Published weekday mornings as the coffee brews
I don't think I understand this one. I tried dividing the words into their origins, which are Old English and Viking if I remember correctly, but that got me nowhere. What do the lines represent?
what is the name for this type of diagram?
There was a runway gate sign I always passed at some airport when the plane was taxiing in after landing. All the gates seemed to be a 2-letter combo, and this one just said "BE". It made me smile.
it's not a math equation... it's a sentence diagram!
I'm getting a Coldplay Clocks vibe...
I don't get the diagram either, but like pancreas, am getting a Coldplay vibe!
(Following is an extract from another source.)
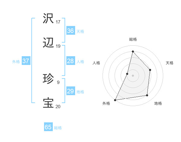 沢辺 珍宝さんの総格は65画の4点!

As much as it spoils a good joke, here's the explanation. It's a sentence diagram which in this case is saying "You Are [any adverb] [any predicate adjective]", which would be like "You are really funny."
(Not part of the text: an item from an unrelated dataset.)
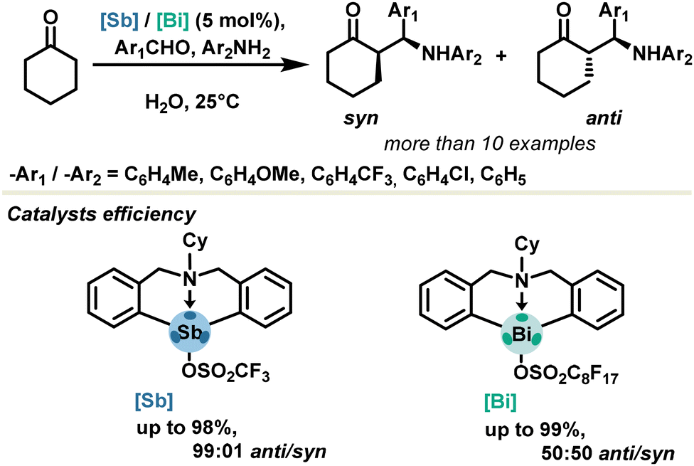Lewis acid properties of organoantimony in catalysis have been reported since the early 2000s, despite the absence of any model at that time. In 2010, the Wong group introduced an azastibocine perfluoroalkylsulfonate whose stability was attributed to an intramolecular pnictogen bond which simultaneously rigidifies the molecular scaffold (Scheme 2).46 This catalyst was successfully used in a highly diastereoselective Mannich reaction, leading to beta-amino ketones in sustainable solvents such as water. The catalytic activity was unequivocally attributed to the Lewis acidity of the antimony center, deepened by the perfluoroalkylsulfonate moiety. Importantly, no selectivity was observed with the organobismuth analogue, despite its catalytic efficiency.47

"You are a predicate adjective modifier."Is that what that means?
And I thought it was an Ishekawa diagram from the Quality Control Domain ;-)StuPS: anyone know how to spell ambigoooooooooooooooooooooooooooo?
I got this one almost instantly -- and very clever. But it has come to my attention lately that not everyone spent as much time diagramming sentences when they were in grade school as I did...
I saw his blog in a magazine in Brazil. I liked. Congratulations!!
Yes. . . I am
I love this one. I enjoyed diagramming sentences at the age of 12 or 13! It allowed me to apply a near-mathematical system to the troubling realm of language. I should do it more often. Thanks.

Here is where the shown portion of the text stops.